Bonds Advice

Investment house sacks £8bn fund manager for 'gross misconduct'


Asset management firm Gam has sacked suspended bond manager Tim Haywood, after an internal investigation found him to have acted with “gross misconduct”.

Mr Haywood was suspended in July 2018 for issues related to his “risk management procedures and record keeping” while in charge of the then £8.5bn Gam Unconstrained/Absolute Return Bond Strategy and an investigation subsequently began.

In its annual report released today the firm said it had dismissed Mr Haywood following the conclusion of the investigation. It also announced total assets under management had fallen from £84bn to £56bn.

“There was serious failure to achieve the standard of skill and care which were to be expected of someone in his position,” it said.

In a statement, Mr Haywood announced he intends to appeal the decision, suggesting the investigation was prejudged following his suspension.

He responded: "I dispute many of the findings, while noting the majority of the allegations have been dropped. Meanwhile, I have been made redundant by a process which I also consider to have been run unfairly. 

"This reinforces my belief that my dismissal from Gam was a foregone conclusion, and that I have been unjustly singled out.”

Following his suspension last year, the firm’s board decided in August to liquidate the fund in response to investors pulling their cash from the portfolio.

The fund house noted that it had made good progress on this and expects the fund to be fully closed, with all money returned to investors, in the next few months, subject to market conditions.

There is still £1.5bn in assets yet to be returned and much of what has been may be sat in cash rather than reinvested.

Below, Telegraph Money asks advisers for alternative absolute return funds they could look to move their cash into.

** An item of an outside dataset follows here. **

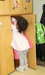 “Toddler preparing for the day – hanging her items in her cubby, first the coat and then the backpack”

Andrew Merricks, of Skerritts Wealth Management, said that most absolute return funds disappoint when they’re most needed, effectively giving you no more than a cash return.

While he does not use many, he added that there are two funds that are able to provide decent returns in a falling market while eking out small returns when the market is rising.

These are Church House Tenax Absolute Return and Artemis US Absolute Return.

“They are exposed to different markets (the UK and US respectively) but have outperformed their peer group since the very beginning of 2016,” he said.

This timeframe takes into account two sharp corrections at the start of 2016 as well as the fall at the end of last year.

More recently the Artemis fund has outperformed the Church House one, which has been affected by Brexit sentiment, but the opposite is true over the longer period.

“The worst thing that you can get from an absolute return fund is no real protection in a downturn, yet missing out on any subsequent recovery. These don’t do that,” Mr Merricks added.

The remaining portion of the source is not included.